### SUPPLIED INFORMATION
########################################

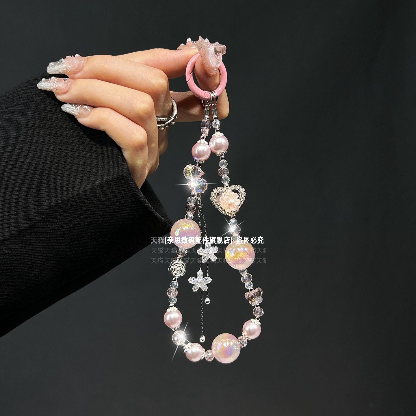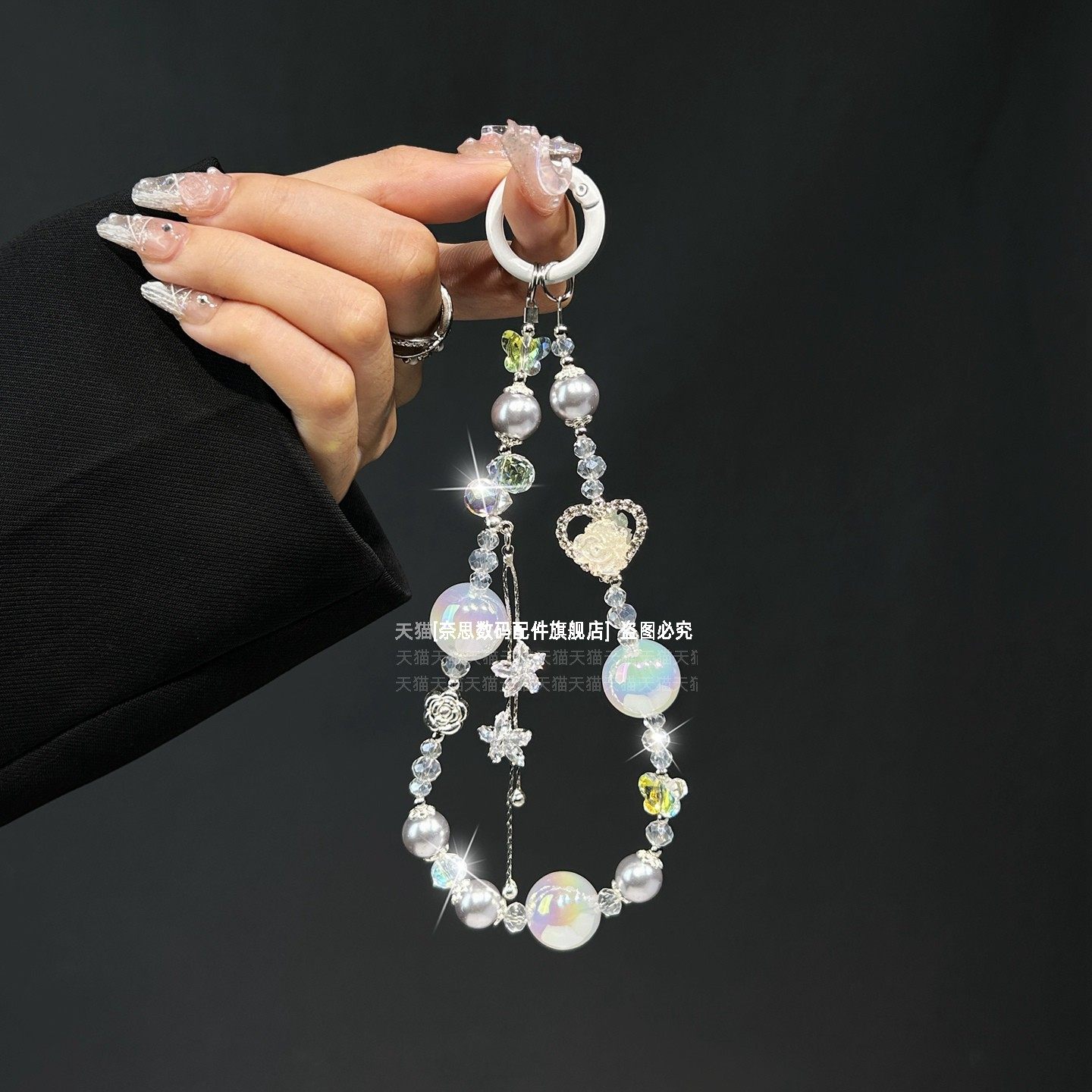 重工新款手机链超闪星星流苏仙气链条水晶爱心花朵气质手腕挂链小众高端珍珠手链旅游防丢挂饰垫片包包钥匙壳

########################################

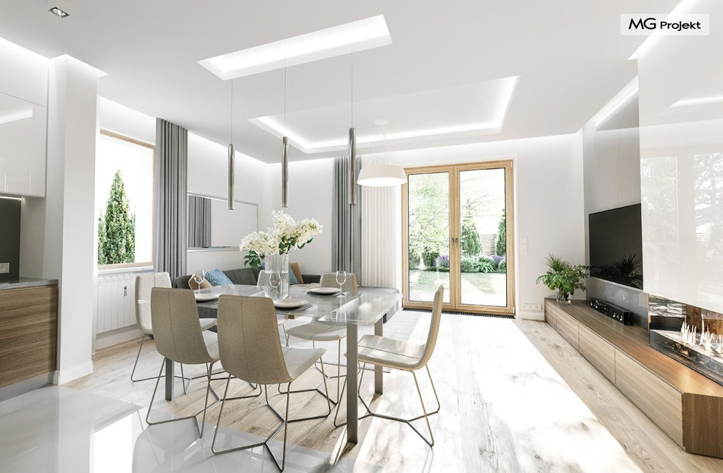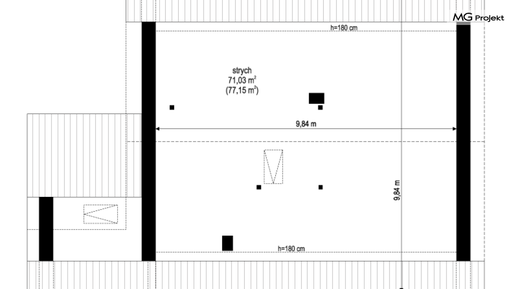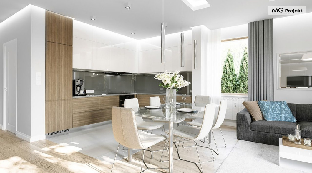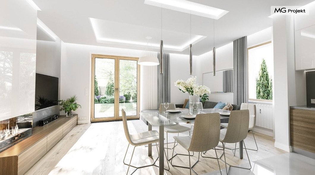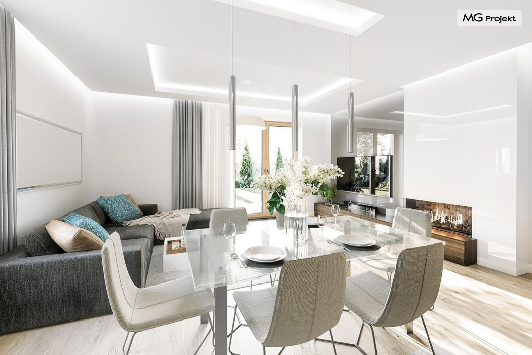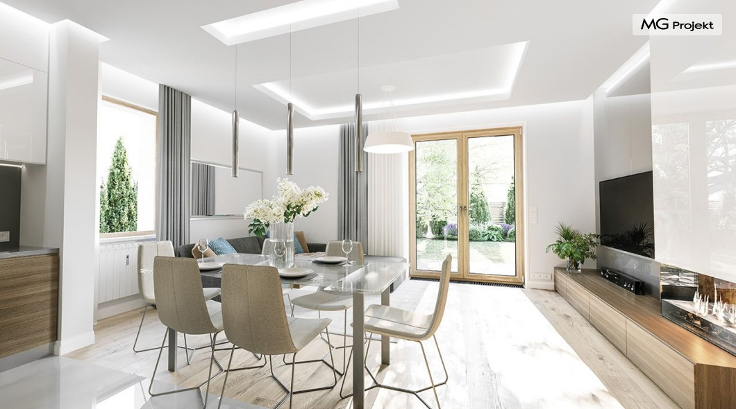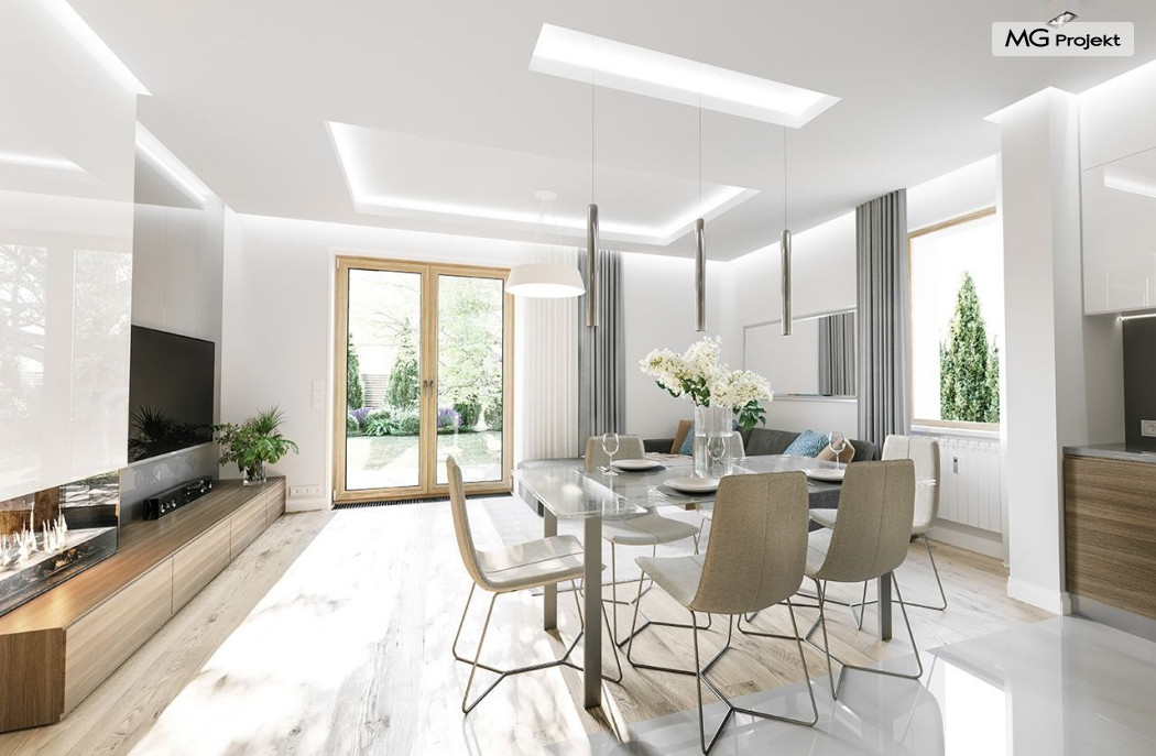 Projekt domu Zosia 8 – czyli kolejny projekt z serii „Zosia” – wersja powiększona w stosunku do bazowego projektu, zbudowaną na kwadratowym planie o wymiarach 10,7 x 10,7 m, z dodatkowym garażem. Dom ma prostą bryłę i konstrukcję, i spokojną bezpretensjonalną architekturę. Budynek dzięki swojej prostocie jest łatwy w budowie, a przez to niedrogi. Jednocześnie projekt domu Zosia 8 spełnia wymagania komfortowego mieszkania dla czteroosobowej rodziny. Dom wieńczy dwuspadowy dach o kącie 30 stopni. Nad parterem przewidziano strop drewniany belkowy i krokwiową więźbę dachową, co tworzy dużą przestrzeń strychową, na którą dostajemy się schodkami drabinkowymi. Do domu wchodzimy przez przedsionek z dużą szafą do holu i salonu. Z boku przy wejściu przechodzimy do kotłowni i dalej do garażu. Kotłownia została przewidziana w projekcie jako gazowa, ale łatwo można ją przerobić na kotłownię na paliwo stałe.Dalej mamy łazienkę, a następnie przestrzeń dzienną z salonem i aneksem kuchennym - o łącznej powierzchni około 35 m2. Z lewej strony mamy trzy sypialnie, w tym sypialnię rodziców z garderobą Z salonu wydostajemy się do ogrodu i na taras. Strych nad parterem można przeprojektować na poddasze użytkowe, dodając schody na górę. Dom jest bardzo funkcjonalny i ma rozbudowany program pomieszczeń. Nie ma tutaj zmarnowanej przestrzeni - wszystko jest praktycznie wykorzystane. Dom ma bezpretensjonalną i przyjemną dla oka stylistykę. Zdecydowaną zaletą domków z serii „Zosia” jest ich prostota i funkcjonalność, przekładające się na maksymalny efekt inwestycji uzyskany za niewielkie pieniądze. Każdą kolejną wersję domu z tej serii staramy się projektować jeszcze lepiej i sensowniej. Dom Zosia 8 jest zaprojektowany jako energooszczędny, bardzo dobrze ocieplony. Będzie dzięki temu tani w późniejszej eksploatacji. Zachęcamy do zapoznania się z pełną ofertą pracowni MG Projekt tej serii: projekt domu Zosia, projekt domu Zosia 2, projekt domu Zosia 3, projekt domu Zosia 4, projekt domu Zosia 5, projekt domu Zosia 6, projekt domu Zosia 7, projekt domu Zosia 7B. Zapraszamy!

########################################

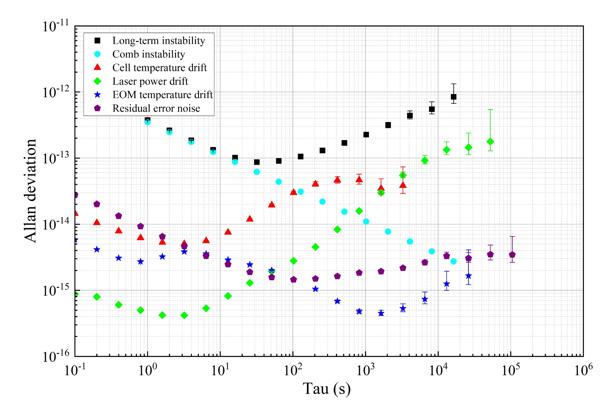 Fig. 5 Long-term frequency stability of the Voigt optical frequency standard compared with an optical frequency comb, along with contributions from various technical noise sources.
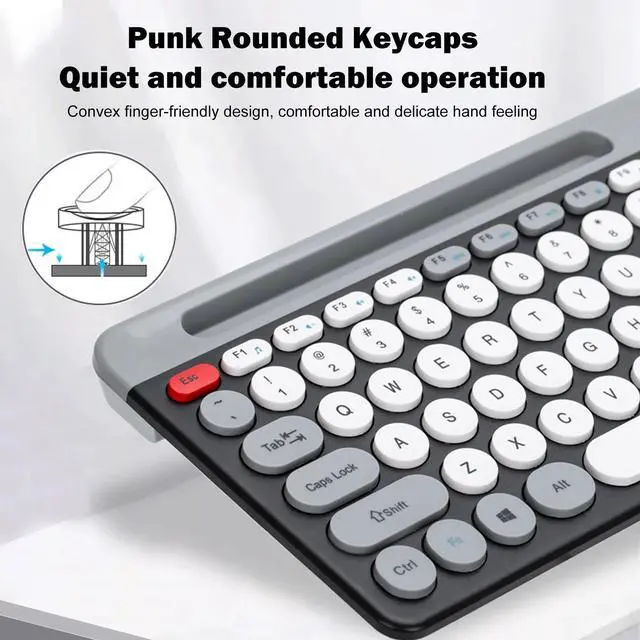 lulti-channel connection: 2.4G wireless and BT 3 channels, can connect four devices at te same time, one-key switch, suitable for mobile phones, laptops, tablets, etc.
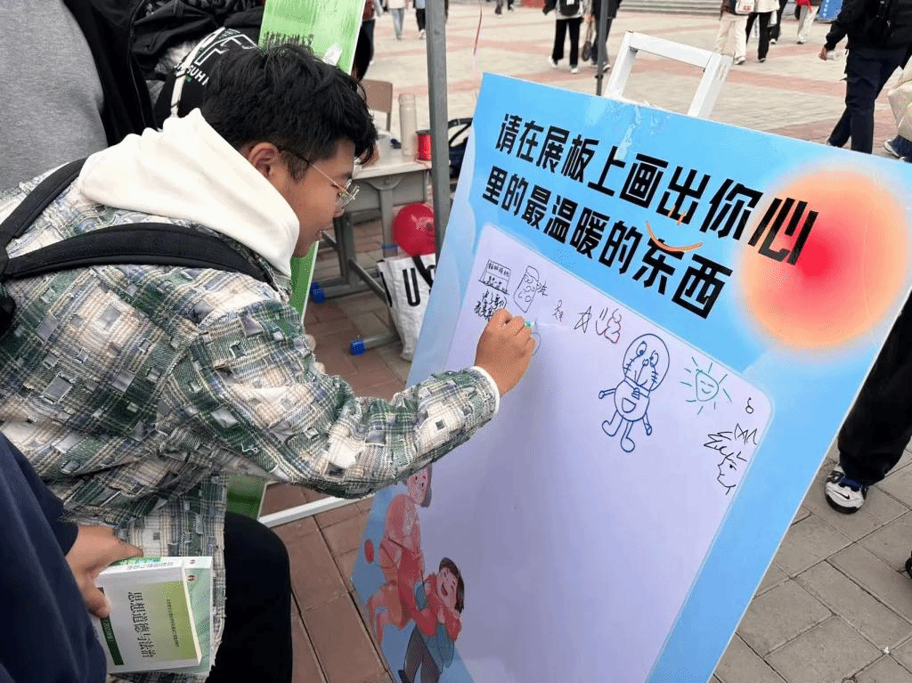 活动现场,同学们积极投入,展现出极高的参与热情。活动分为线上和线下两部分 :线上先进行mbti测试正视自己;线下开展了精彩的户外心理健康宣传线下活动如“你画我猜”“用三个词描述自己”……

########################################

### YOUR TASK
Please copy the lines above exactly, starting at the line that holds "lulti-channel connection: 2.4G" and ending at the line that holds "活动现场,同学们积极投入,展"; include both, but no pictures.

### SOLUTION TO THIS EXERCISE
 lulti-channel connection: 2.4G wireless and BT 3 channels, can connect four devices at te same time, one-key switch, suitable for mobile phones, laptops, tablets, etc.
 活动现场,同学们积极投入,展现出极高的参与热情。活动分为线上和线下两部分 :线上先进行mbti测试正视自己;线下开展了精彩的户外心理健康宣传线下活动如“你画我猜”“用三个词描述自己”……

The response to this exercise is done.